I'm currently studying power series to solve differential equations. I would like to know if there's a way to tell whether two solutions are linearly independent or not. I think evaluating the Wronskian would be a tough task because the series may not be expressed in $\sum$ notation.
For instance if I'm working on a power series centered at a regular singular point, Frobenius theorem provides me a solution $y_1(x)$. If I were to find another one in the form
$$y_2(x)=y_1(x)\int\frac{e^{-\int P(x)\,dx}}{y_1^2(x)}\,dx$$
I know that this solution is independent because I created it to be independent. However if I solve the system and find "two" solutions, how do I know if these solutions are linearly independent? I appreciate your thoughts.
Best Answer
Edit: After clarifying in chat, it seems there are two questions here regarding finding power series solutions to second order, linear ODE.
Answer to Question 1:
When using the Method of Frobenius to obtain a power series solution of a second order linear ODE in the neighborhood of a regular singular point, in can happen that you end up finding only one linearly independent power series solution. (You do find two solutions, but the second is a constant multiple of the first.)
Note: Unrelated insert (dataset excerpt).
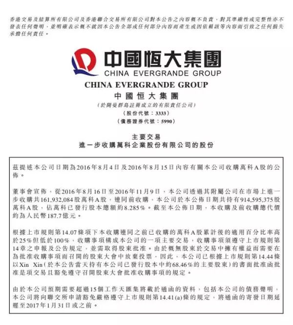 综合财经哥 上海证券报 澎湃等 这几天,川普意想不到赢得了美国总统,心情自然不错。 而远在中国的许家印,心情应该是复杂的:曾经有一份真挚的生意摆在面前,我没有珍惜,等我失去的时候我才后悔莫及,人世间最痛苦的事莫过于此。 是的,许老板和川总统之间只缺了一个推介会的距离。当然,许老板的眼光,我们是不得不服! 许老板可以的! 8年前就和川普结盟了! 这线儿放得够长 就问你服不服! 恒大帮女排选了郎平 帮男足选了里皮, 又帮美国选了川普。 许家印自传《我是如何改变世界的》。 11月9日万科涨停的原因也找到了 川普女儿叫Ivanka=爱万科 恒大持有万科股份或超10% 恒大早已和川普合作结盟 川普赢得美国大选 川普女儿叫Ivanka 爱万科 万科A涨停 A股股民是强大而富有想象力! 你没看错,许家印在8年前就与川普正式结盟。 原本是打算在中国主要超大型城市的顶级豪宅及超高层建筑领域上展开合作,当时是恒大总裁夏海钧签的约,签约时川普那个激动啊,连子女都带上了。 (夏海钧与唐纳德川普签约) 结果嘛,你懂的,2008年的许家印差点倒下。2008年上市失败后的许老板,找万科王石帮忙被拒,最终陪郑裕彤打牌三个月挺过难关。自身难保的许老板,和川总统合作的事情自然就不了了之。 八年后的今天,真的每个人都物是人非,今非昔比!这个故事告诉我们,一定要珍惜眼前人!如果上天再给王石一次机会,王老板或许会对许老板说三个字:没问题!而许老板一定会和川总统说三个字:我爱你! 双11许老板开启“买买买”模式 11月2日,我们曾经写过许老板在梅雁吉祥这支妖股上快进快出,割了一大笔韭菜的故事(点击阅读:清仓?恒大概念股集体惊魂 许老板割韭菜快准狠!)。 11月8日,保监会不干了,约谈了恒大人寿负责人:你恒大赚快钱的方式太招摇了!不能这么干! 恒大人寿相关负责人表示,将切实落实监管要求,着力杜绝类似行为发生。然而,隔了两天,恒大又着急买买买了:韭菜们,别怕,我又来啦! 11月11日,梅雁吉祥公告称,11月10日恒大关联方司仲勤投资买入9490万股,占总股本5%。 从9月30日持股达4.95%成为梅雁吉祥的第一大股东,至10月31日将其所持股份全部卖出,恒大人寿曾以“对资本市场和公司价值的判断”作为卖出理由。就在这次恒大人寿表示要虚心受教时,11月10日距离上次卖出仅十天时间,实际控制的公司又大举买入,投资目的也变成了“对水力发电行业领域的战略投资,并计划长期持有”。短短十天之前对公司态度天翻地覆,其用意究竟是什么? 不过,恒大时点是抓的极好。这十来天,股价大幅缩水了15%,高抛低吸,手段高明! 只是才反省了两天,又发力,动作之快让韭菜们傻了,就连上交所也看不懂了!于是,11日上交所对梅雁吉祥实施紧急停牌,并迅速发声,问询函抛出五个方面的问题,包括“恒大系”的投资逻辑、决策评估、资金来源、后续安排、幕后接洽,核心直指其举牌梅雁吉祥的真实意图。 上证所称,恒大人寿减持公司股票信息披露后至仲勤投资 11 月 10 日增持,公司股票下跌约 15%。“请仲勤投资及其实际控制人具体说明,仲勤投资短期内再次买入公司股票的主要考虑和目的,并结合前期恒大人寿增、减持公司股票情况,解释两公司短期内就梅雁吉祥股票连续发生多次不同方向交易的原因及其合理性,相关投资决策是否存在前后关联。” 由于保监会曾公开披露约谈恒大人寿,上证所再问:“请仲勤投资及其实际控制人具体说明,仲勤投资在此情况下再次买入公司股票,是否考虑其关联企业恒大人寿的前述表态,是否评估买入行为对公司股价和投资者预期的影响。” 另外考虑到仲勤投资仅为恒大多层持股的子公司,上证所质疑:“请仲勤投资具体说明其本次买入公司股票的资金来源,并核实相关资金是否与恒大人寿有关。” 由于形成了实质性举牌,上证所问恒大“是否有意通过股份增持获得梅雁吉祥的实际控制权,是否有意参与梅雁吉祥的经营管理。”并直接要求:“请仲勤投资明确披露未来 12 个月是否拟增持公司股票,如拟增持,请补充披露最低增持数量和增持价格。” 此外,上证所还向要求梅雁吉祥说明是否与仲勤投资及其关联企业有过接触或洽谈,包括但不限于未来第一大股东变更、董事会成员调整、公司生产经营安排等方面的内容。 上证所最后要求梅雁吉祥及仲勤投资应当在 11 月 16 日前召开现场投资者说明会,公司主要负责人及相关人员、仲勤投资及其实际控制人(或其授权代表)应当参会,回答投资者关心的问题。 值得注意的是,在当天梅雁吉祥公布的恒大持股名单显示,恒大在11月9日港交所公告披露后再次买入万科A,目前持股已经达到了8.95%。原来,恒大还在暗中对万科A买买买! 与其他几个“准举牌”股票不同,恒大买入万科只进不出,而且成本越来越高,根据恒大此前的披露信息,恒大在8月14日至11月9日买入万科的股份均价已经达到了26元。由此,在万科身上,恒大累计砸下超过187.7亿人民币,截止最新收盘价25.99元,恒大浮盈超过52亿。 恒大表示,因为看中万科财务表现强劲,所以此次收购为公司的投资。 此前根据港交所最新数据显示,许家印两位“牌友”中渝置地(01224.HK)主席张松桥的力信资本持有万科H股1.5亿股,占万科H总股本的11.54%;新世界集团郑家纯家族持有万科H股5.96%。根据万科H股占整个万科流通股的11.91%计算,上述二者共持有万科总股本约

This happens when solving Bessel's equation $$ x^2y''(x)+xy'(x)+(x^2-\mu^2)y(x)=0 $$ about $x=0$. It is a long and tedious calculation, too long to type out, but you can study it here in Example 5.7.2 starting on page 345.
However, you can always fall back on the method you alluded to above, often called reduction of order/variation of constants, to find a second linearly independent solution $y_2$ once you have any one solution $y_1$. That applies the Bessel's equation as well.
Answer to Question 2:
Typically we would compute the Wronskian of $y_1$ and $y_2$, $W(y_1(x),y_2(x))(x)$ and appeal to the fact that $y_1$ and $y_2$ are linearly independent iff the Wronskian in nonzero. When $y_1$ and $y_2$ are power series this looks to be a cumbersome calculation. However, let's appeal to the full power of the Wronskian statement regarding linear independence:
Case 1: Ordinary points
Now just pick $x_0$ judiciously: say, $x_0$ is the ordinary point about which we found the two series solutions $$ y_1(x)=\sum_{n=0}^\infty a_n(x-x_0)^n, \quad y_2(x)=\sum_{n=0}^\infty b_n(x-x_0)^n, $$ Then $$ W(y_1,y_2)(x_0)=y_1(x_0)y_2'(x_0)-y_2(x_0)y_1'(x_0)=a_0b_1-b_0a_1 $$ tells the tale (whether this is zero or not).
Case 2: (Regular) singular points
This takes quite a bit of typing. I will punt by pointing you here, page 14. If someone has a better "preserved" source than this and/or wants to edit my answer to give the full details in this case, please do.